Microsoft 365 Copilot hat den entscheidenden Vorteil, dass die Anwendung vollständig in das Microsoft-Office-Ökosystem integriert ist, mit dem praktisch alle Schweizer Finanz- und Versicherungsunternehmen arbeiten. Insbesondere jene, die auch Digital Workplace Services beziehen, welche die Inventx anbietet, können mittels Copilot ihre am meisten genutzten Programme wie PowerPoint, Excel, Word, Outlook oder Teams intelligenter und somit effizienter nutzen. Es ist durchaus vorstellbar, dass sich Copilot zu einem vollwertigen digitalen Assistenten entwickeln wird, der – unter Berücksichtigung der vorgängig von Claudio genannten Hürden – den Markt weiter durchdringen wird. Spannend finde ich die These, ob dieser digitale Assistent sogar via Sprachsteuerung als Single Point of Contact fungieren kann und damit die Art und Weise, wie wir heute PCs bedienen, verändern wird.
Roman, Claudio, was sind angesichts dessen Eure konkreten Handlungsempfehlungen an alle, die den Nutzen von Microsoft 365 Copilot für ihr Business ausschöpfen wollen?

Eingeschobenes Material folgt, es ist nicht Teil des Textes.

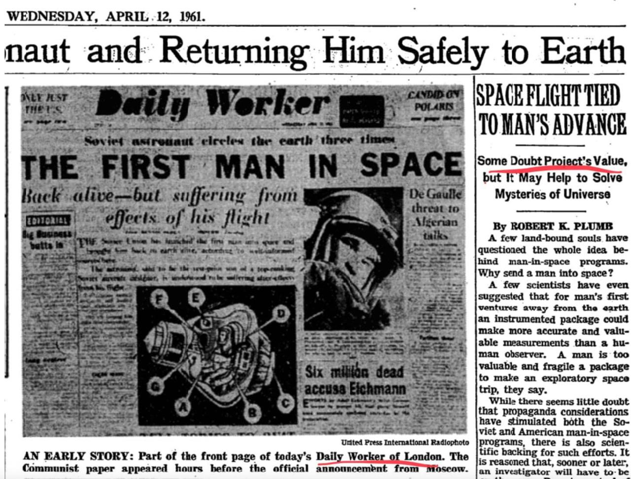 65 лет назад мировая пресса славила нашего космонавта. И только New York Times оставалась верна себе, сообщив читателям «главные» новости: выразив «сомнения в ценности проекта» и указав на то, что первой в мире (даже якобы до официального объявления в СССР) о полете Гагарина сообщила газета британских коммунистов Daily Worker.

Roman: Das Thema AI ist auf der Strategie-Landkarte präsent und oftmals sind erste Erfahrungen gesammelt. Die dazu nötigen Themen wie Datenaufbereitung und Datenschutz sowie die Governance von AI rücken aber erst jetzt auf die Agenda. Für die Unternehmen heisst es: Wissen aufbauen, an der rasanten Entwicklung der Technologie dranbleiben und mögliche Use Cases zusammentragen – auch völlig unabhängig von konkreten Tools oder Programmen. Wer sich dazu austauschen möchte, ist bei uns in der InventxLab-Community jederzeit herzlich willkommen. Wir bieten mit unseren Meet-ups eine Plattform für den gesamten Innovationsprozess von der Ideenfindung bis zur Kommerzialisierung. Im Kontext von Copilot scheint mir wichtig, dass es sich nicht nur um die Aufschaltung einer Subskription handelt. So müssen beispielsweise vorgängig die erwähnten Rahmenbedingungen geschaffen werden, um anschliessend jene Use Cases mit dem grössten Nutzenpotenzial umsetzen zu können. Ebenfalls ist das Enablement der Mitarbeitenden ein wichtiger Erfolgsfaktor, denn damit steht und fällt die Output-Qualität von Copilot.

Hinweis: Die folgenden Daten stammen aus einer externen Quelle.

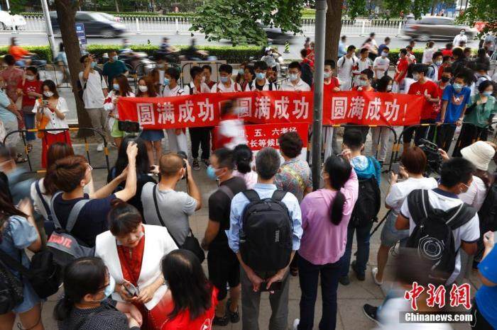 资料图:2021年6月7日,北京人大附中考点外,送考同学为考生拉横幅加油。当日,中国2021年高考正式拉开大幕,1078万名考生赶赴考场。 中新社记者 富田 摄

Claudio: Banken und Versicherungen können nicht so einfach drauflosexperimentieren mit den neuen KI-Tools, wie das vielleicht in weniger regulierten Branchen möglich ist. Insofern sind Sensibilisierung und Wissensaufbau sehr wichtig. Hinzu kommt, dass für die Einführung auch viel Technologie- und Integrations-Know-how nötig sind. Ohne viel Eigenwerbung machen zu wollen, kann ich jeder Bank und Versicherung empfehlen zu überlegen, ob sie nicht auf einen Partner vertrauen wollen, der von Beratung, Entwicklung und Einführung über die Methodenkompetenz und die Erfahrungen bis hin zur skalierbaren und sicheren Infrastruktur alles Erforderliche für einen zielführenden Einsatz von Microsoft 365 Copilot aus einer Hand anbieten kann. Gerne stellen wir dafür unsere Best Practices und weitere Use Cases vor, die wir – grösstenteils in Ko-Innovation – mit und für unsere Kundinnen und Kunden entwickelt haben.